X, y = make_multilabel_classification(n_samples=1000, n_features=3,
n_classes=4, n_labels=4, random_state=1)
print(X.shape, y.shape)
for i in range(10):
print(X[i], y[i])
Output:
(1000, 3) (1000, 4)
[ 8. 11. 13.] [1 1 0 1]
[ 5. 15. 21.] [1 1 0 1]
[15. 30. 14.] [1 0 0 0]
[ 3. 15. 40.] [0 1 0 0]
[ 7. 22. 14.] [1 0 0 1]
[12. 28. 15.] [1 0 0 0]
[ 7. 30. 24.] [1 1 0 1]
[15. 30. 14.] [1 1 1 1]
[10. 23. 21.] [1 1 1 1]
[10. 19. 16.] [1 1 0 1]
Imbalanced Classification
Imbalanced classification is used for tasks with an uneven distribution of
examples in each class. Typically, these are binary classification tasks where
a large percentage of the training set is classified as normal, and the rest are
abnormal.
This type of classification is commonly used in:
Fraud detection
Medical diagnosis
Outlier detection
Special techniques are used to turn these problems into binary classification
tasks. You can choose between over-sampling for the smaller number of
classes or under-sampling for the bigger number of classes. SMOTE Oversampling and random under-sampling are two of the best examples.

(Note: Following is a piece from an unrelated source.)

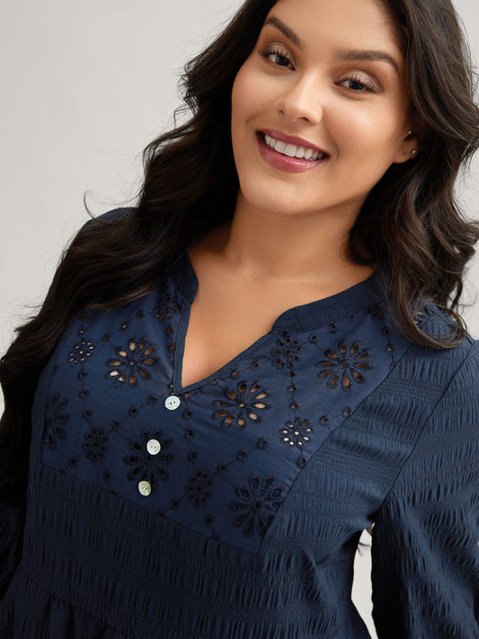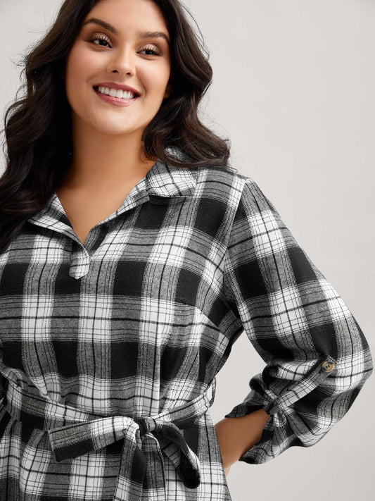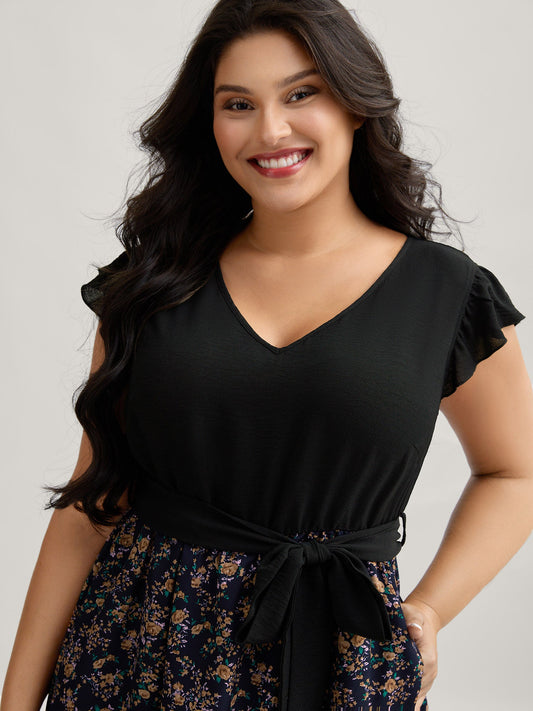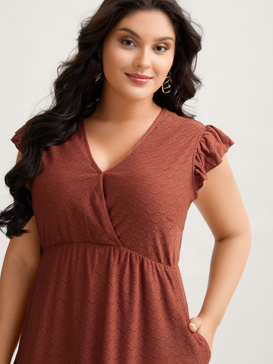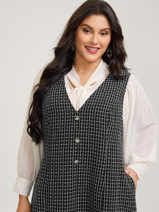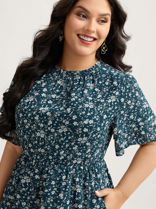 Abstract Print Shirred Puffy Sleeve Midi Dress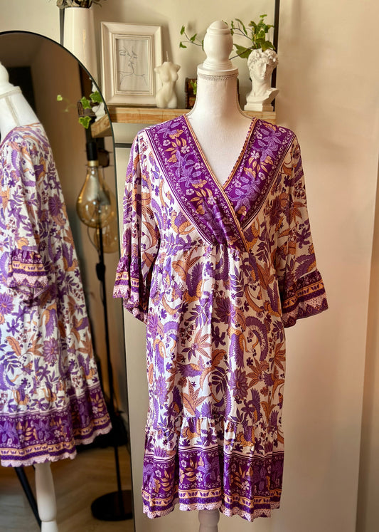 Robe fluide bohème imprimé floral violet/orangé T.U

When you are fitting the model on the training dataset, you can also use
special modeling algorithms to focus more on the smaller class. This includes
using cost-sensitive algorithms, such as:
Cost-Sensitive Logistic Regression
Cost-Sensitive Decision Trees
Cost-Sensitive Support Vector Machines
Once the model is chosen, we need to access and score it. We can do that
using the Precision, Recall, or F-Measure score. We need a dataset developed
for the problem, and we’ll generate a synthetic, imbalanced binary
classification dataset containing 1000 samples:
from numpy import where
from collections import Counter
from sklearn.datasets import make_classification
from matplotlib import pyplot
X, y = make_classification(n_samples=1000, n_features=2,
n_informative=2, n_redundant=0, n_classes=2,
n_clusters_per_class=1, weights=[0.99,0.01], random_state=1)
print(X.shape, y.shape)
counter = Counter(y)
print(counter)
for i in range(10):
print(X[i], y[i])
for label, _ in counter.items():
row_ix = where(y == label)[0]
pyplot.scatter(X[row_ix, 0], X[row_ix, 1], label=str(label))
pyplot.legend()
pyplot.show()
Output:
(1000, 2) (1000,)
Counter({0: 983, 1: 17})
[0.86924745 1.18613612] 0
[1.55110839 1.81032905] 0
[1.29361936 1.01094607] 0
[1.11988947 1.63251786] 0
[1.04235568 1.12152929] 0
[1.18114858 0.92397607] 0
[1.1365562 1.17652556] 0
[0.46291729 0.72924998] 0
[0.18315826 1.07141766] 0
[0.32411648 0.53515376] 0
Here, the label distribution can be seen, along with a serious class imbalance,
wither 17 belonging to one type and the remaining 983 belonging to the other
one. As expected, we get a majority of class or type 0.
In the next chapter, we’ll look at SVMs or Support Vector Machines using
Scikit-Learn.
Chapter 5: Support Vector Machines with Scikit-Learn
This chapter will take an in-depth look at a popular algorithm used in
supervised machine learning - Support Vector Machines.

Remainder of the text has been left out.